→ **What you should do**
No pictures, please. Output the lines from the start of the data through the line that contains "Green Jay Gourmet", both included, exactly as they stand.
START Data section
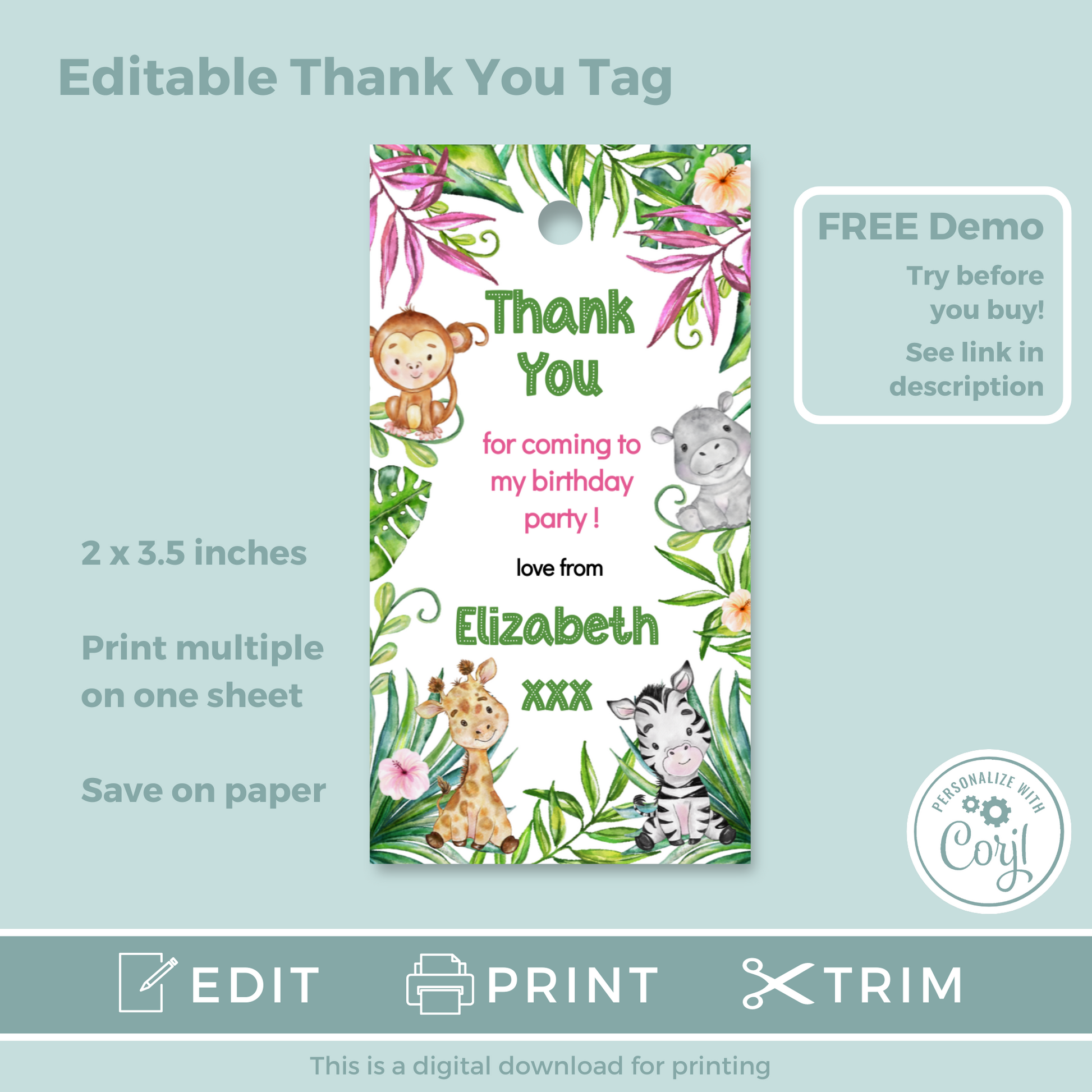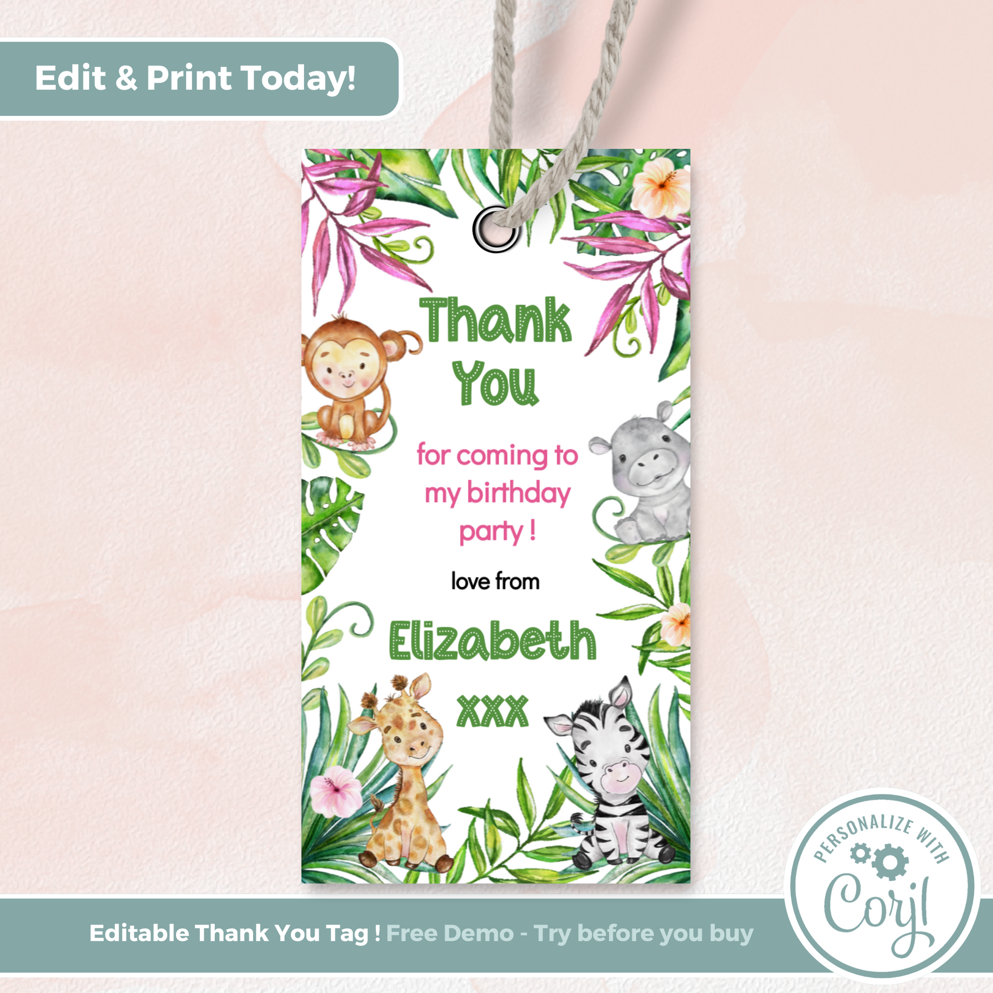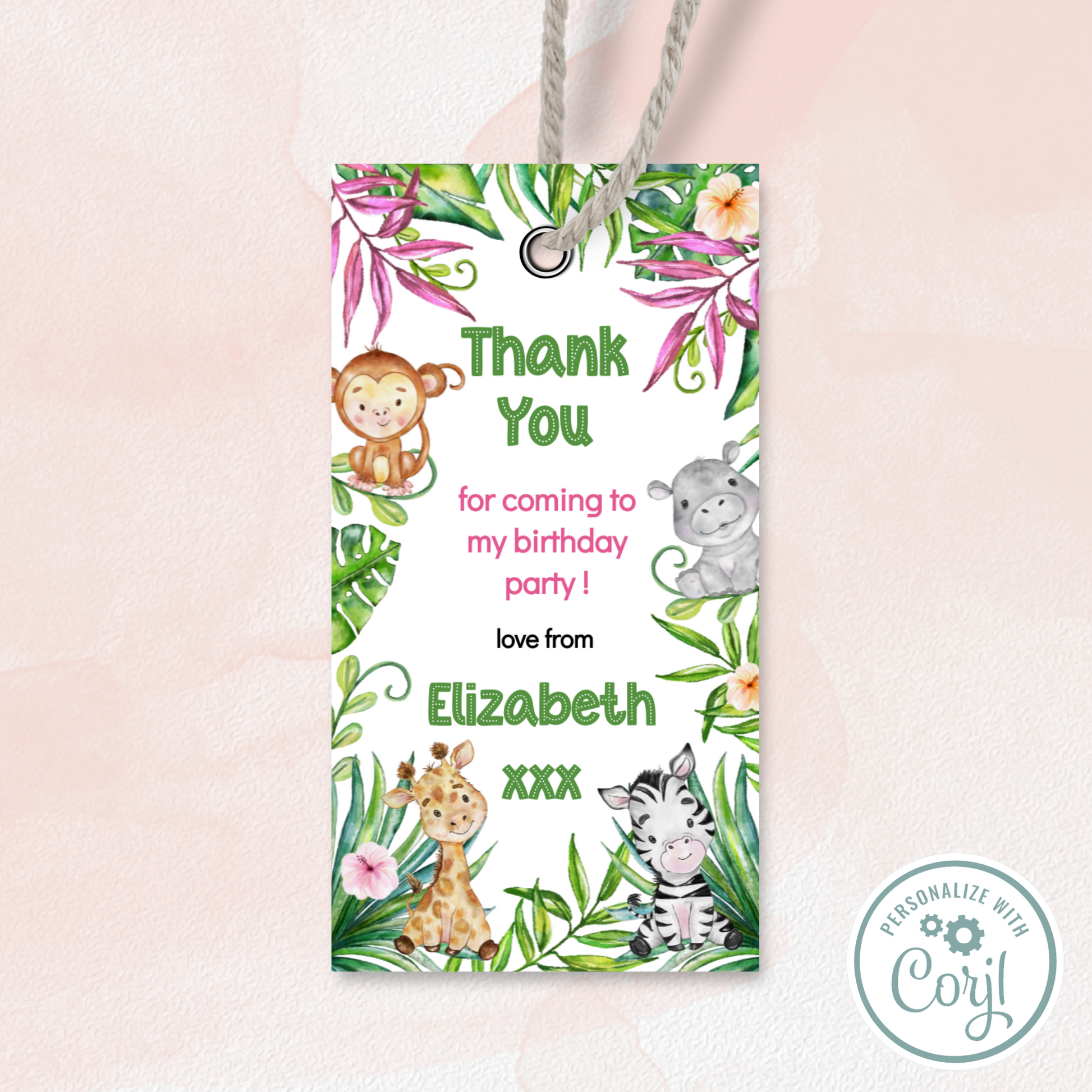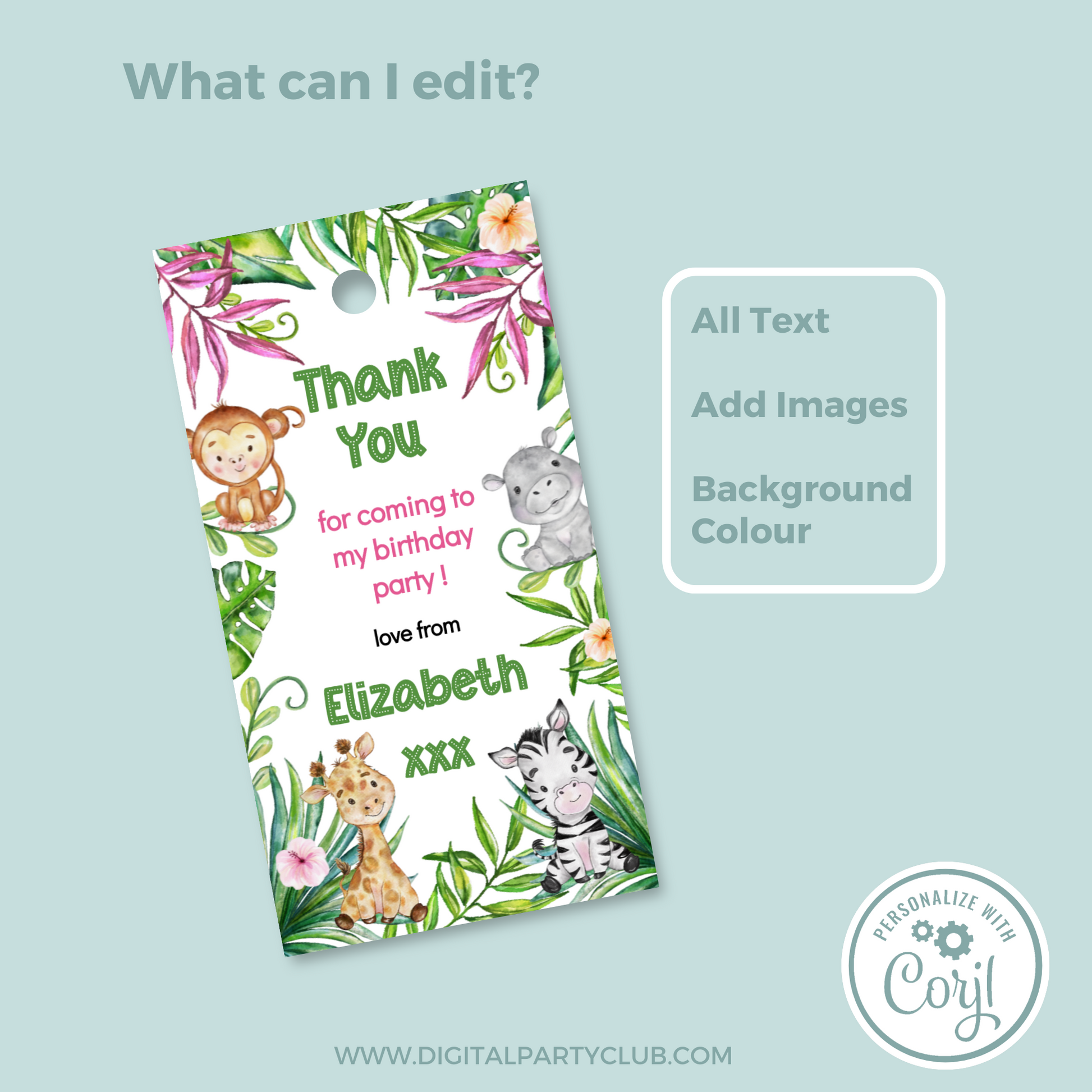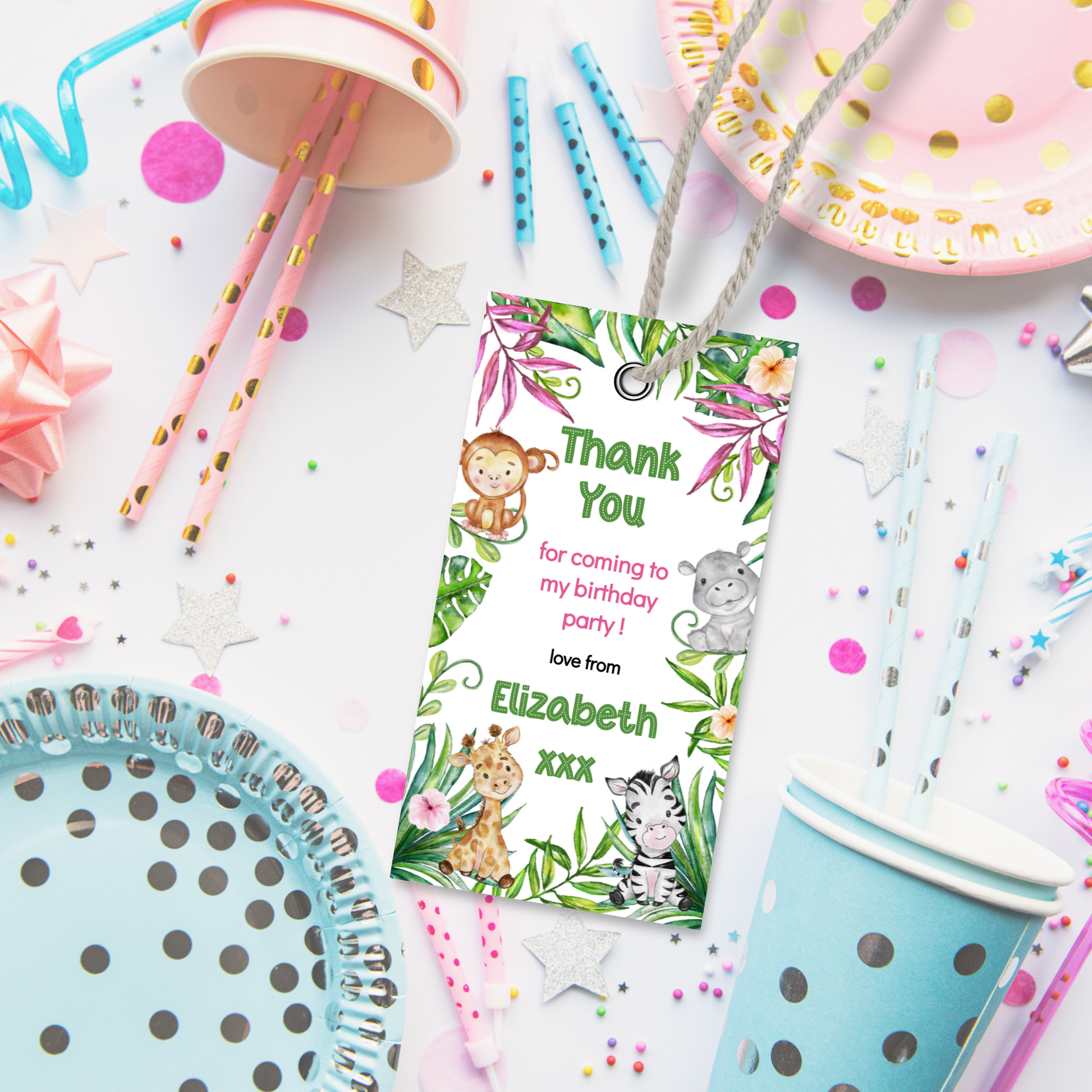Editable Birthday Thank You Tag - Let's Go Wild
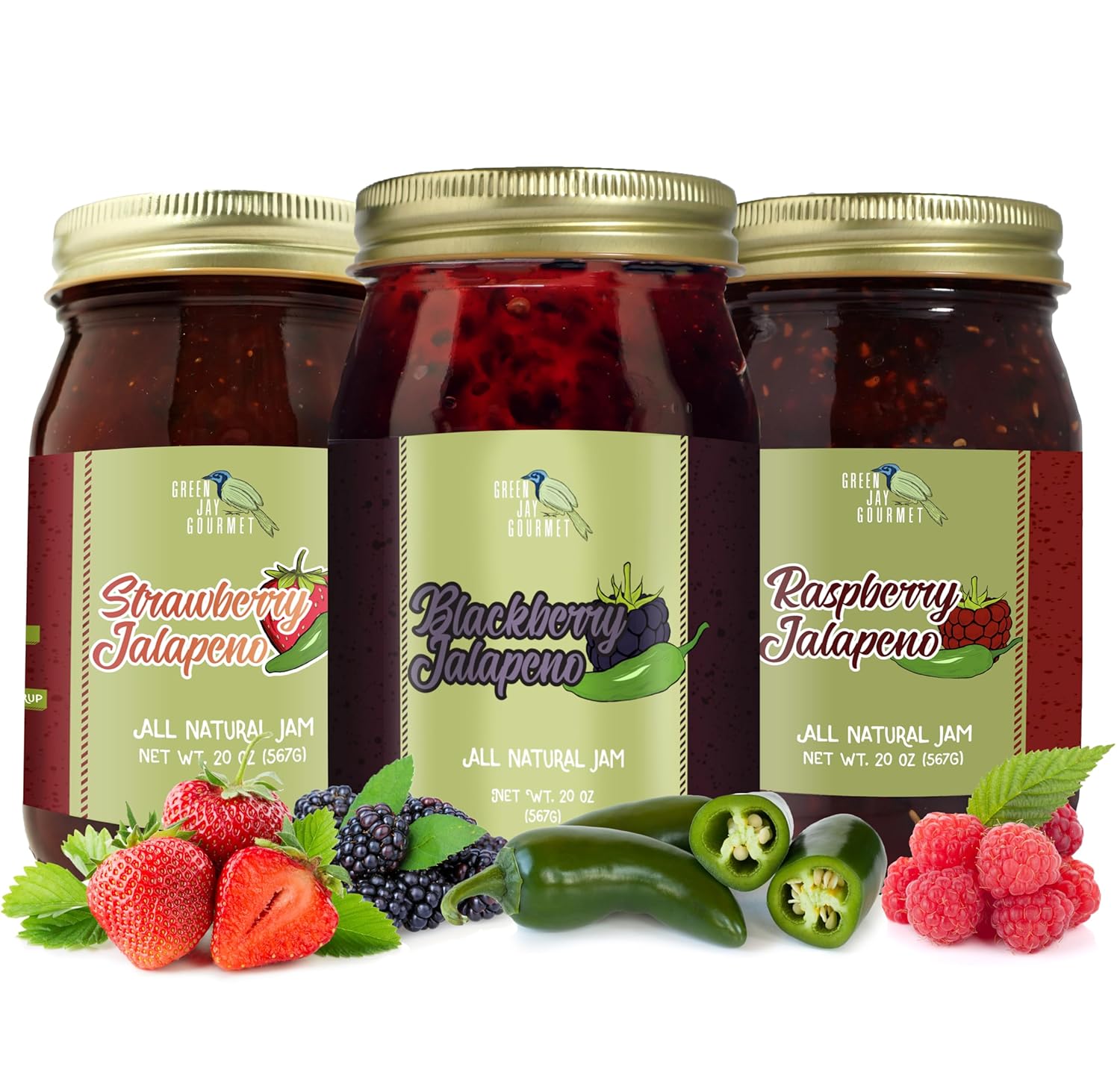 Green Jay Gourmet Spicy Jam Variety Pack - All-Natural Raspberry Jalapeno Jam, Strawberry Jalapeno Jam, Blackberry Jalapeno Jam - Vegan, Gluten-free Jam - No Preservatives - USA Made - 3 x 20 Ounces
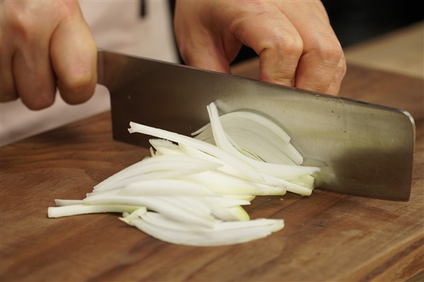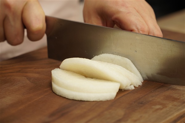 어슷 썰고, 배는 껍질을 벗겨 납작하게, 양파는 채를
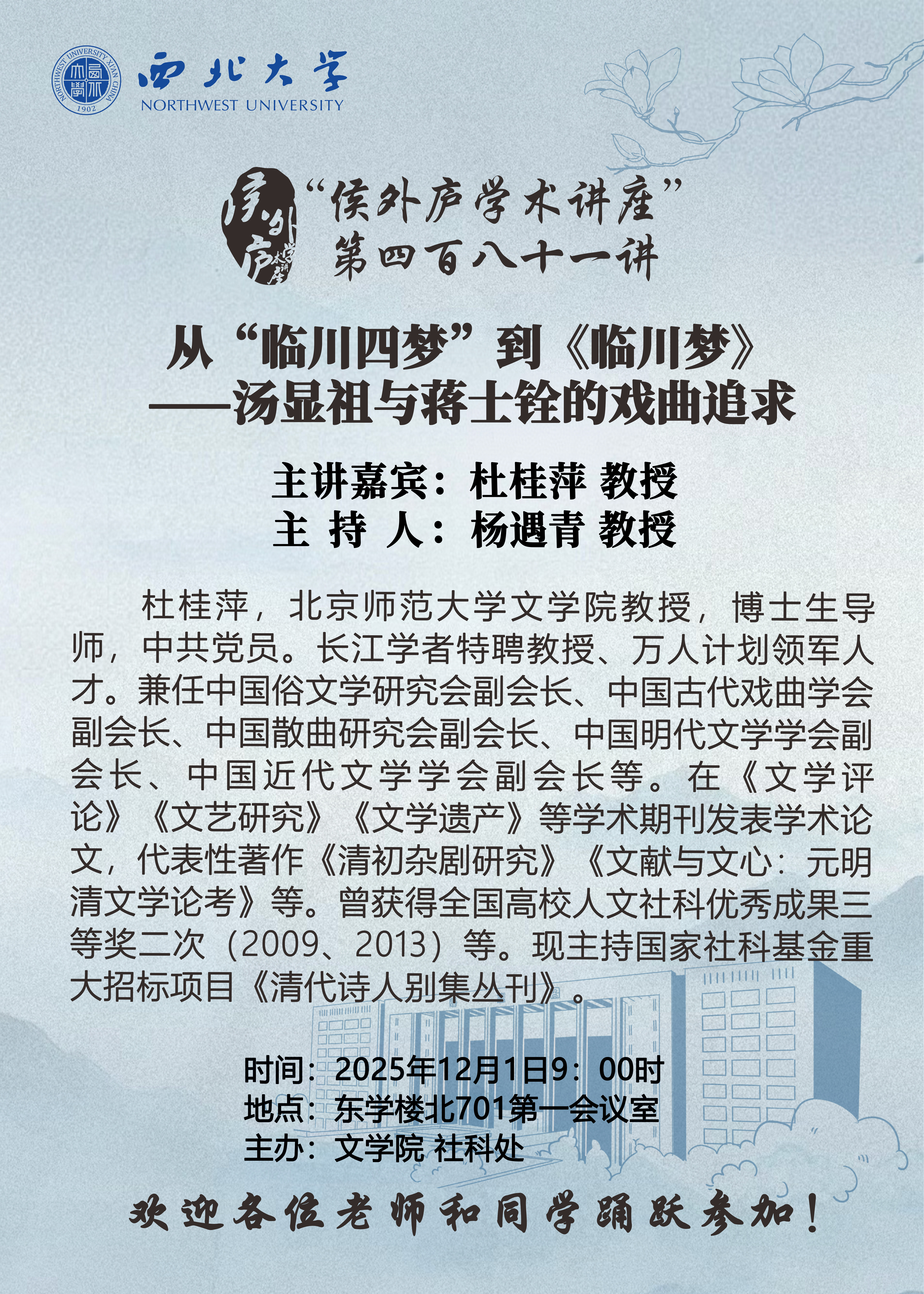 “侯外庐学术讲座”第四百八十一讲:从“临川四梦”到《临川梦》——汤显祖与蒋士铨的戏曲追求
END Data section
→ **Output below**
Editable Birthday Thank You Tag - Let's Go Wild
 Green Jay Gourmet Spicy Jam Variety Pack - All-Natural Raspberry Jalapeno Jam, Strawberry Jalapeno Jam, Blackberry Jalapeno Jam - Vegan, Gluten-free Jam - No Preservatives - USA Made - 3 x 20 Ounces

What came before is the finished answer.